## DATA TO USE

---------------

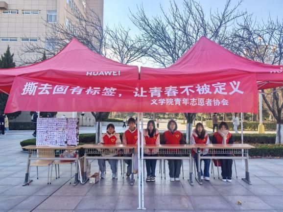 提起青春,总有人将其框进既定模板里:要循规蹈矩、要符合期待、要活成“标准答案”里的模样。但青春从不该被标签绑架——不是只有埋首书卷才叫努力,不是只有沉默内敛才叫得体,不是只有按部就班才叫稳妥。那些被强加的限定,本就不该成为青春的枷锁。为了给迷茫中的同学提供多元参照,挖掘“不被标签定义”的青春力量,西安培华学院文学院青年志愿者协会于11月19日~20日于综合楼西广场开展了主题为“撕去固有标签,让青春不被定义”的活动。
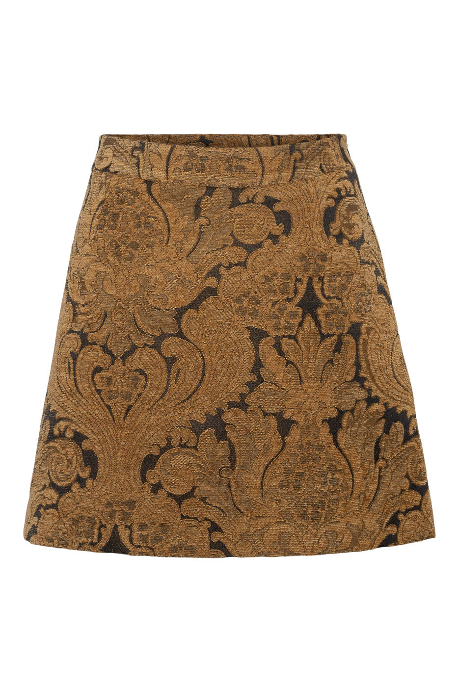 Fløyelsminiskjørt med A-linjeform og et rikt brunt mønster. Et allsidig plagg som passer perfekt til høsten - lett å style både opp og ned til enhver anledning.
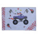 Um design de caminhão de monstro divertido com uma dica de cores arco-íris.
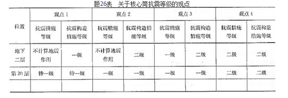 针对上述结构,钢筋混凝土核心筒地下二层和第20层的抗震等级有下列4组,如表所示。试问,哪组符合《建筑抗震设计规范》(GB50011—2010)(2016年版)及《高层建筑混凝土结构技术规程》(JGJ3—2010)的最低要求?( )
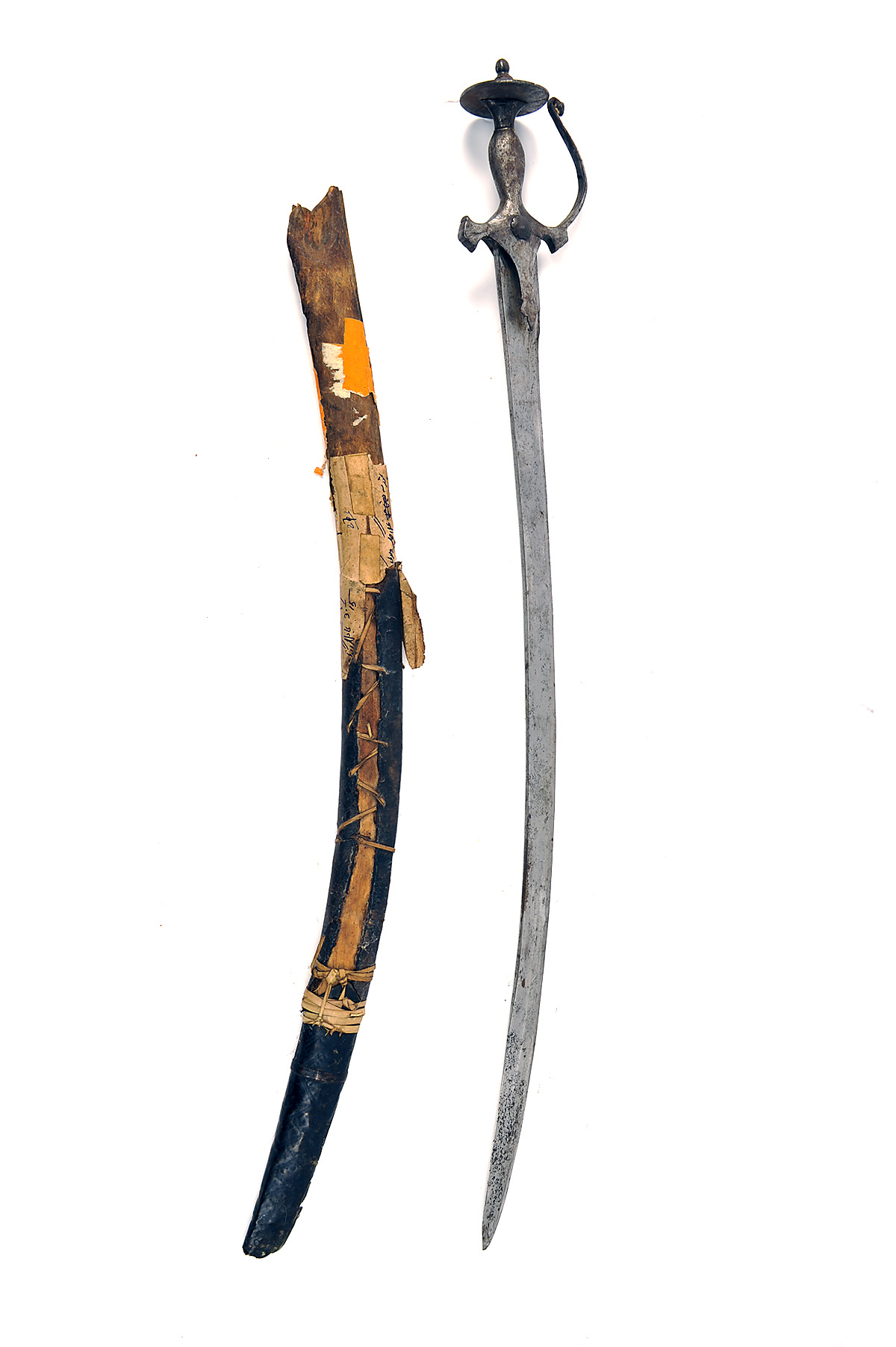 AN INDIAN ALL STEEL TULWAR SWORD, late 19th century, with 30in. slightly curved blade, guarded hilt with disk pommel and remnants of its goatskin covered wood scabbard
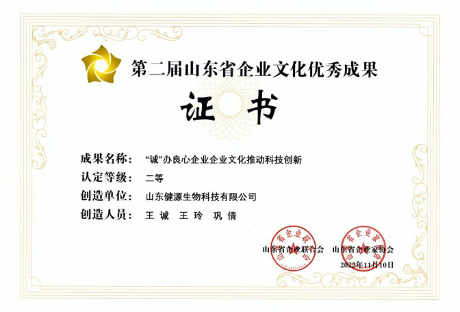 山東省企業聯合會、山東省企業家協會聯合開展了第二屆山東省企業文化優秀成果發布活動。通過企業申報,各市企業聯合會、企業家協會和有關部門(單位)推薦,依據《山東省企業文化成果認定規范》團體標準,按照公開、公正的原則,堅持嚴謹、科學、規范的程序,經初審、發布會現場發布、專家評審,有79項成果被確定為山東省企業文化優秀成果,山東健源生物科技有限公司《“誠”辦良心企業,企業文化推動科技創新》企業文化成果榮獲第二屆山東省企業文化優秀成果二等獎。
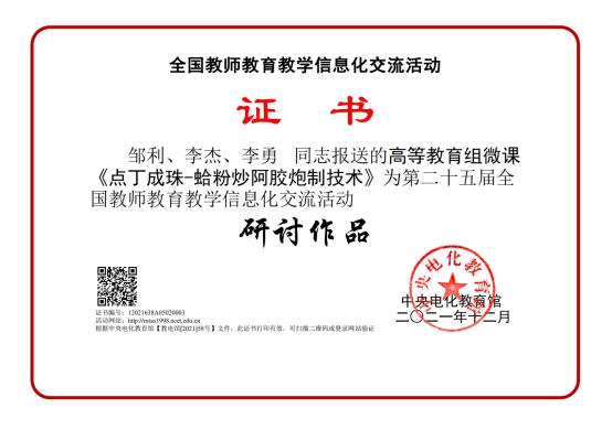 近日,由中央电化教育馆主办的2021年度全国教育教学信息化交流展示活动-第二十五届全国教师教育教学信息化交流活动圆满结束,药品食品学院教师罗阳、蒲世平、杨洋微课作品《不“普通”的片剂—缓控释片》与程万滋、叶丹、梁菊俄微课作品《药店接待礼仪》被评为全国教师教育教学信息化交流活动典型作品,邹利、李杰、李勇老师的微课作品《点丁成珠-蛤粉炒阿胶炮制技术》被评为全国教师教育教学信息化交流活动研讨作品。

---------------

An exact copy of the entries, minus the pictures, is what's needed here.

## OUTPUT OF THE TASK
 提起青春,总有人将其框进既定模板里:要循规蹈矩、要符合期待、要活成“标准答案”里的模样。但青春从不该被标签绑架——不是只有埋首书卷才叫努力,不是只有沉默内敛才叫得体,不是只有按部就班才叫稳妥。那些被强加的限定,本就不该成为青春的枷锁。为了给迷茫中的同学提供多元参照,挖掘“不被标签定义”的青春力量,西安培华学院文学院青年志愿者协会于11月19日~20日于综合楼西广场开展了主题为“撕去固有标签,让青春不被定义”的活动。
 Fløyelsminiskjørt med A-linjeform og et rikt brunt mønster. Et allsidig plagg som passer perfekt til høsten - lett å style både opp og ned til enhver anledning.
 Um design de caminhão de monstro divertido com uma dica de cores arco-íris.
 针对上述结构,钢筋混凝土核心筒地下二层和第20层的抗震等级有下列4组,如表所示。试问,哪组符合《建筑抗震设计规范》(GB50011—2010)(2016年版)及《高层建筑混凝土结构技术规程》(JGJ3—2010)的最低要求?( )
 AN INDIAN ALL STEEL TULWAR SWORD, late 19th century, with 30in. slightly curved blade, guarded hilt with disk pommel and remnants of its goatskin covered wood scabbard
 山東省企業聯合會、山東省企業家協會聯合開展了第二屆山東省企業文化優秀成果發布活動。通過企業申報,各市企業聯合會、企業家協會和有關部門(單位)推薦,依據《山東省企業文化成果認定規范》團體標準,按照公開、公正的原則,堅持嚴謹、科學、規范的程序,經初審、發布會現場發布、專家評審,有79項成果被確定為山東省企業文化優秀成果,山東健源生物科技有限公司《“誠”辦良心企業,企業文化推動科技創新》企業文化成果榮獲第二屆山東省企業文化優秀成果二等獎。
 近日,由中央电化教育馆主办的2021年度全国教育教学信息化交流展示活动-第二十五届全国教师教育教学信息化交流活动圆满结束,药品食品学院教师罗阳、蒲世平、杨洋微课作品《不“普通”的片剂—缓控释片》与程万滋、叶丹、梁菊俄微课作品《药店接待礼仪》被评为全国教师教育教学信息化交流活动典型作品,邹利、李杰、李勇老师的微课作品《点丁成珠-蛤粉炒阿胶炮制技术》被评为全国教师教育教学信息化交流活动研讨作品。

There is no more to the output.